Monday, March 15, 2010

For the Love of St. Joseph: A Novena (Day 5)

I  can’t imagine living without the saints—real men and women who have proved the Christian claim for 2000 years—and yet that’s just what I did as a Protestant for the first 56 years of my life. I didn’t pay them any attention. How could I have lived without St. Joseph alone? On what grounds? He is the model of fatherhood (I have two daughters whom I adore), of what it means to be a husband (and a wife I double adore), of working hard (don’t we all?), and of a happy death (in the arms of Jesus and Mary). Why would I not be interested in St. Joseph? Why would anyone not?

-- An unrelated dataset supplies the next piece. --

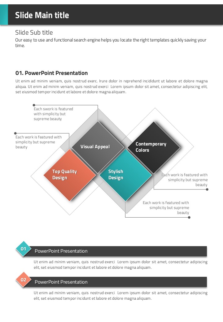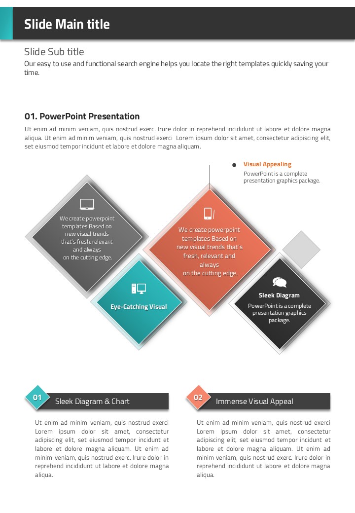 이 마름모 패턴 세로형 PPT 템플릿은 독창적이고 현대적인 디자인으로 구성되어, 다양한 비즈니스 상황에서 효과적으로 활용할 수 있습니다. 정보 전달을 최적화한 구조와 뚜렷한 색상 대비가 특징이며, 제안서, 보고서, 콘텐츠 소개와 같은 다양한 문서 유형에 적합합니다. 특히 기업 실무자, 창업가, 교육 분야 종사자에게 효과적인 프레젠테이션 자료로 추천드립니다.

Continuing my running account of how the devotion to St. Joseph developed from the late middle ages through the time of St. Teresa of Avila, we come to St. Francis de Sales (1567–1622). According to Joseph F. Chorpenning, OSFS, St. Francis de Sales’s Introduction to the Devout Life (1609) “develops a positive and practical spirituality for married people and families” by focusing on the Holy Family and, by extension, on the centrality of St. Joseph. “Who can doubt,” he wrote, “that when this holy father came to the end of his years, he in turn was carried by his divine foster Child on his journey from this world into the next, into Abraham’s bosom, from there to be translated into the Son’s own bosom, into glory, on the day of His Ascension?” Just 300 years before St. Francis de Sales, no one in Christendom would have placed St. Joseph, the “silent man” of the Gospels, so close to the center of Salvation history.

And to continue the homily for the Feast of St. Joseph by Karl Rahner, SJ, here’s the next installment:

Three times the scripture says of Joseph: “He rose up.” He rose up to carry out God’s will as he perceived it in his conscience, a conscience that was so alert that it perceived the message of the angel even in sleep, although that message called him to a path of duty that he himself neither devised nor expected.

According to the witness of the Bible, this insignificant man’s humble routine concealed a further object of value: righteousness. Joseph was a just man, the Bible says, a man who regulated his life according to the word and law of God. Not only when this law suited his desires, but always and at all times, even when it was hard, and when the law judged to his disadvantage that his neighbor was right. He was righteous in that he was impartial, tactful, and respectful of Mary’s individuality and even of that which he could not understand in her.

[To be continued tomorrow]

St. Joseph, most blessed of all male saints, model for fathers and husbands and workers everywhere, pray for us!